During June 2015 I was invited to Frankfurt to share my work on ethical review with groups from both strands of my academic training.
Meike Wolf and her colleague Katrin Amelang convened a series at the Goethe University’s Institute of Cultural Anthropology and European Ethnology. The theme was Health, Body and Biotechnology, and the series aimed at introducing masters students to ‘the relations between bodies, biotechnology and health as well as the categories, techniques of regulation, institutionalizations, norms, ethics and artefacts, which are developed and differentiated in these relations in situated practice’ (Wolf and Amelang’s Colloquium Description). I shared with these students a draft of an article on the meeting of audit and hospitality in my ethics review committee work.
The second session was with the STS Kitchen, a cross-institute initiative coordinated by Endre Danyi and Susanne Bauer, who welcomed me warmly. The presentation drew on fieldnotes from Guangzhou and Shanghai (2010), and posed the question of how the evidence-based survey of ‘good ethical review’ handled trials which were being conducted under the rubric of “TCM”, traditional Chinese Medicine.
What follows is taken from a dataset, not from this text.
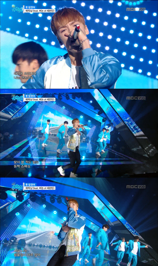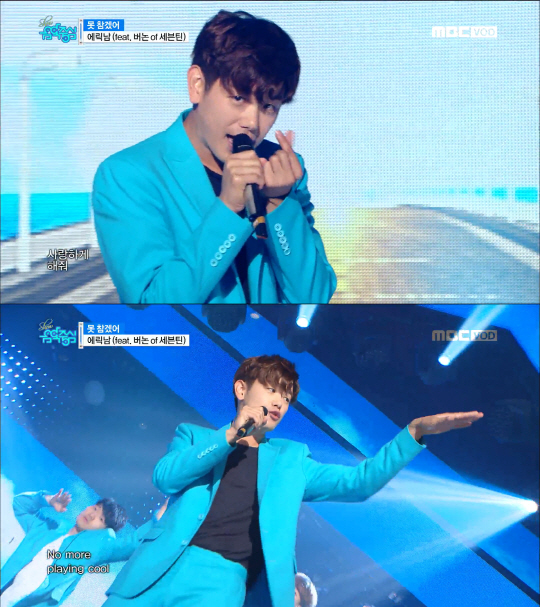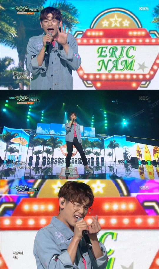 에릭남은 차분한 스타일 뿐만 아니라 캐주얼한 스타일까지 완벽 소화할 수 있다는 것을 다음 무대에서 바로 증명했다. 청재킷을 입고 등장한 에릭남은 한 층 더 귀엽고 발랄한 모습을 보여줬다. 재킷 안에 입은 핑크 티셔츠와 스타일의 완성 쉼표 머리는 그의 귀여움을 한껏 끌어올려줬고, 다른 사람이 쓰면 할아버지 안경이 될 것 같은 얼굴만 한 안경도 에릭남이 쓰니 깜찍 폭발 아이템이 됐다.

Rather than a distinction taking place at the level of scientific practice itself (“Western Medicine vs TCM”), the encounter within the process of evaluating an ethical review of a TCM protocol showed up the ways in which an audit itself carries assumptions about what a ‘valid’ ethical review will look for. We read these notes against the recently published work by Wen-yuan Lin and John Law on ‘A Correlative STS: Lessons from a Chinese Medical Practice’ and tried to draw out how the situations spoke to one another.